A casa da última quadra VII

O sinal tocou e quase todos tinham entrado, menos eu e uns três ou quatro garotos, dentre eles o capitão do time de basquete.

Minhas boca estava cheia de ar e minhas bochechas esticadas ao máximo para evitar que eu gritasse.

Caminhei devagar.

O mais devagar que pude.

A professora de física nos mandou resolver alguns exercícios que valeriam nota, não tinha a mínima vontade de fazer aquilo.

Um arrepio cortou minhas costelas e o ar congelou. Minhas narinas se esforçavam mas não entrava ar algum.

Minha mão começou a tremer, eu tinha virado a folha de exercícios com o verso virado para cima, se rabiscasse o papel pelo menos rabiscaria o lado certo.

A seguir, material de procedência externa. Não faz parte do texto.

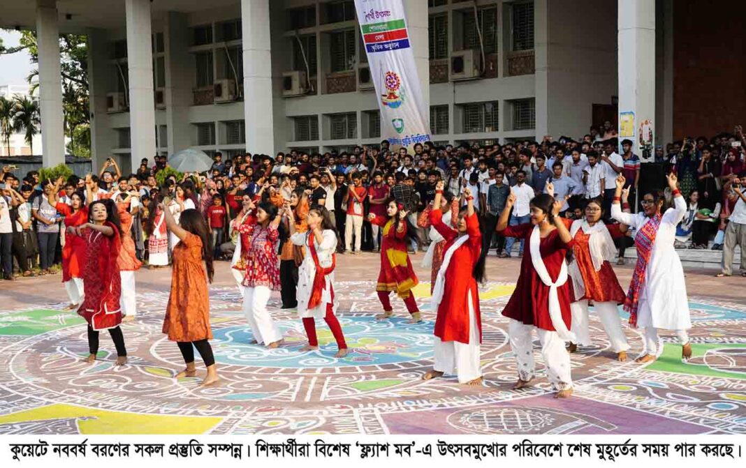 সংবাদ বিজ্ঞপ্তি : উৎসবমুখর পরিবেশে বাংলা নববর্ষ-১৪৩৩ বরণ করে নিতে বর্ণাঢ্য সাজে সেজেছে খুলনা প্রকৌশল ও প্রযুক্তি বিশ্ববিদ্যালয় (কুয়েট) ক্যাম্পাস। ক্যাম্পাসজুড়ে এখন উৎসবের আমেজ, বর্ণিল আলপনা, প্যান্ডেল সাজানো, বৈশাখী শোভাযাত্রার জন্য বিভিন্ন প্রতীকী উপকরণ তৈরি, সাংস্কৃতিক অনুষ্ঠানের মঞ্চ এবং বিভিন্ন স্টল প্রস্তুত। শিক্ষার্থী ও শিক্ষকরা সম্মিলিতভাবে এই আয়োজনকে সফল করতে কাজ করেছেন। ১৪ এপ্রিল মঙ্গলবার দিনব্যাপী কর্মসূচি সফল করতে সোমবার বিশ্ববিদ্যালয়ের ছাত্র কল্যাণ দপ্তরের তত্ত্বাবধানে এবং শিক্ষার্থীদের স্বতস্ফূর্ত অংশগ্রহণে উৎসবের সার্বিক প্রস্তুতি সম্পন্ন করা হয়েছে। বিশ্ববিদ্যালয়ের স্টুডেন্ট ওয়েলফেয়ার সেন্টারের সামনে শিক্ষার্থীরা বিশেষ ‘ফ্ল্যাশ মব’-এ উৎসবমুখোর পরিবেশে শেষ মুহূর্তের সময় পার করছে। এছাড়া বিকেল থেকেই বিশ্ববিদ্যালয়ের বিভিন্ন হলের প্রবেশপথে এবং আঙিনায় শুরু হয়েছে বর্ণিল আলপনা অঙ্কন, যা চলবে রাত ১০টা পর্যন্ত। পুরো ক্যাম্পাস এখন উৎসবের আমেজে মুখরিত। সন্ধ্যায় বিশ্ববিদ্যালয়ের ভাইস-চ্যান্সেলর প্রফেসর ড. মুহাম্মদ মাছুদ আয়োজনের বিষয়ে সার্বিক খোঁজখবর নেন এবং বিভিন্ন স্টল ও আলপনা ঘুরে দেখেন। সেইসাথে সকল অনুষ্ঠান সুষ্ঠুভাবে উৎসব মুখর পরিবেশে সম্পন্নের জন্য সবার সহযোগিতা কামনা করেন। আগামীকাল সকাল ৮:০০টায় বিশ্ববিদ্যালয়ের খেলার মাঠে ঐতিহ্যবাহী ‘বৈশাখী মেলা’ উদ্বোধনের মাধ্যমে মূল অনুষ্ঠান শুরু হবে। মেলার পাশাপাশি থাকবে বাউল সংঙ্গীত, সাপ খেলা, বানর খেলা, ম্যাজিক শো, ট্রেজার হান্ট, মোরগ লড়াই, কাবাডি খেলা, ঘুড়ি উৎসবসহ গ্রামবাংলার চিরচেনা সব আয়োজন। নিরাপত্তার বিষয়টি নিশ্চিত করে উৎসবের সকল প্রস্তুতি ইতিমধ্যে চূড়ান্ত করা হয়েছে।

De repente o ar voltou úmido e restabeleceu minha respiração.

_ Você está bem Sama?

Olhei para cima e vi a professora olhando diretamente para minha mão e depois para mim.

Acompanhei os olhos dela e notei que o verso da minha folha de exercícios estava todo desenhado e o rosto que estava ali não era desconhecido.

_ Sim, estou bem.

_ Se precisar de ajuda me chame.

_ Claro.

Agnus Taylor estava com os cabelos loiros encaracolados e com uma expressão de horror. A boca aberta, as mãos levavam um punhal até a altura do tórax.

Virei a folha e comecei a fazer os exercícios que a professora pedira.

Mesmo tendo começado atrasada, devido ao meu acesso de falta de ar, terminei antes de todos os outros e entreguei a folha antes de pedir para ir ao banheiro. Fui.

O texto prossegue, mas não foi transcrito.